Gramsci intended to argue that, in advanced capitalist countries, civil society was much more articulate than in Tsarist Russia and therefore the revolutionary movement had to overcome many more obstacles. This necessitated the patient construction of a cultural hegemony of the socialist movement within society, to counter bourgeois hegemony. Gramsci argued that in the West, the road to the socialist revolution would be longer and more complex than in Russia and that it was therefore necessary to fight a “war of position” against capital rather than a “war of movement” as the Bolsheviks had done in Russia. This perspective did not exclude united fronts with other left forces and struggles for democratic goals. For Gramsci, therefore, it was a question of rethinking revolutionary methods in the West, not of renouncing the revolution by joining bourgeois governments as the PCI of Togliatti had done, on the recommendation of Stalin.
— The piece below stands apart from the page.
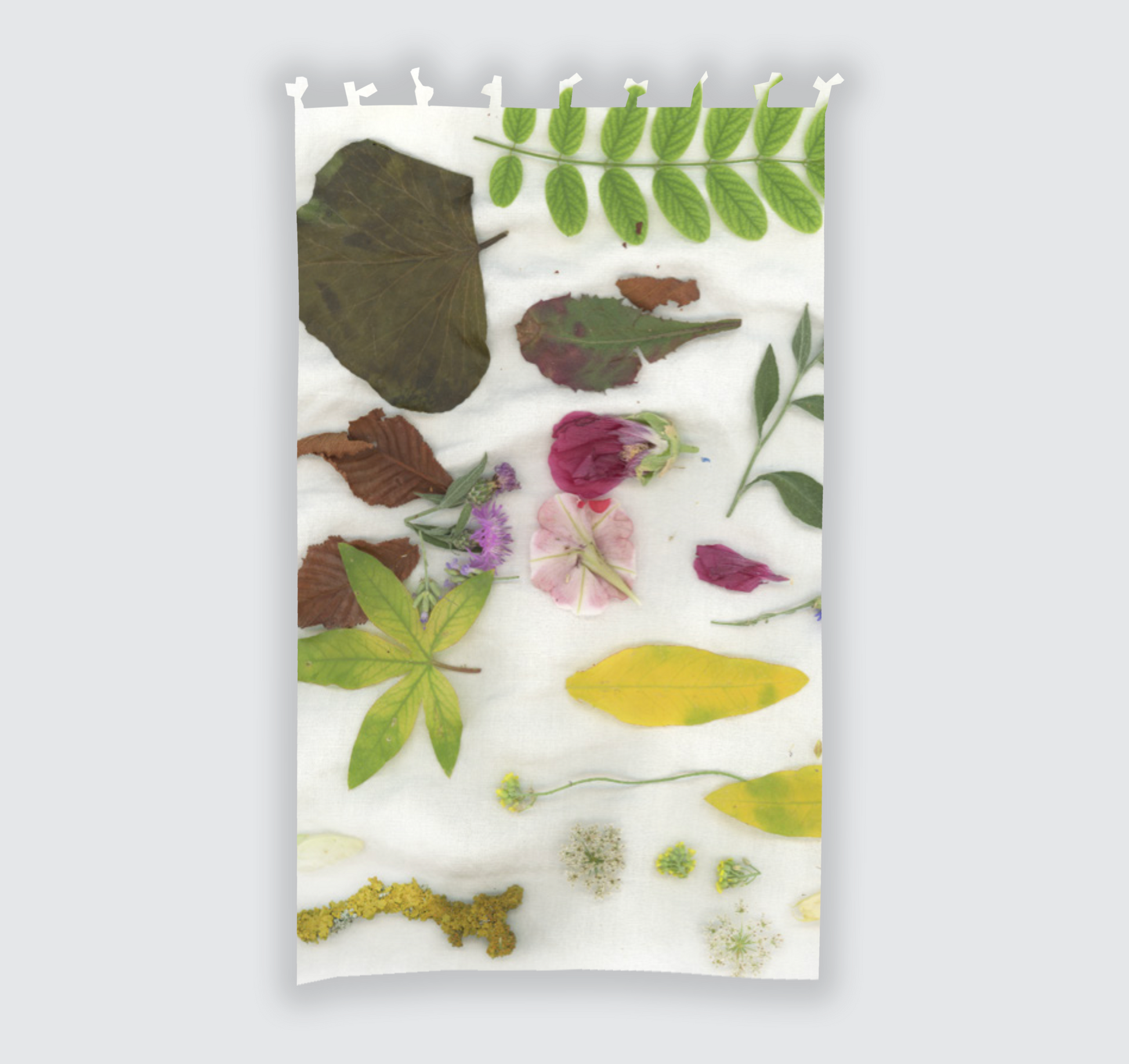 "Natura su lino" printed 100% cotton voile curtain with strings closure. Made in Italy.

Gramsci rejected Bordiga’s ultra-leftism and his sectarian position opposing a united front of the left, but he never proposed any theory justifying popular fronts with the bourgeoisie. Nor did he abandon working class and revolutionary policies. He never argued that in the West it was possible for socialists to take power through parliamentary means, without the need to overthrow the bourgeois state by way of revolution. All of Gramsci’s political battles were directed against reformism. All his ideas and actions contradicted the Stalinist approach.
The fake reformist
Today the bourgeois press, taking up the lies of Togliatti, presents a reformist Gramsci, “Father of the Fatherland” and of the bourgeois Italian Republic. Once again Gramsci is purged of his revolutionary aspects. What does Gramsci, enthusiastic supporter of the Bolshevik revolution, and who in 1920 led the Turin factory council movement have to do with the fake reformist Gramsci presented to us by the bourgeoisie and the Stalinists? The “reformist” Gramsci who promoted coalition with the bourgeoisie never existed, except in the fantasies of Togliatti and Berlinguer. Yet today this is the Gramsci that everyone knows, the Gramsci honored by the bourgeois press, the Democratic Party and the heirs of Stalinism and the Italian reformist left.
Fortunately, in Latin America and in many other countries, the left and the socialists are rediscovering another Gramsci, the Marxist and revolutionary Gramsci. Gramsci was a great revolutionary, who like everyone else made mistakes, but who was always consistent with his socialist ideals. His political heritage belongs to the revolutionary Marxists.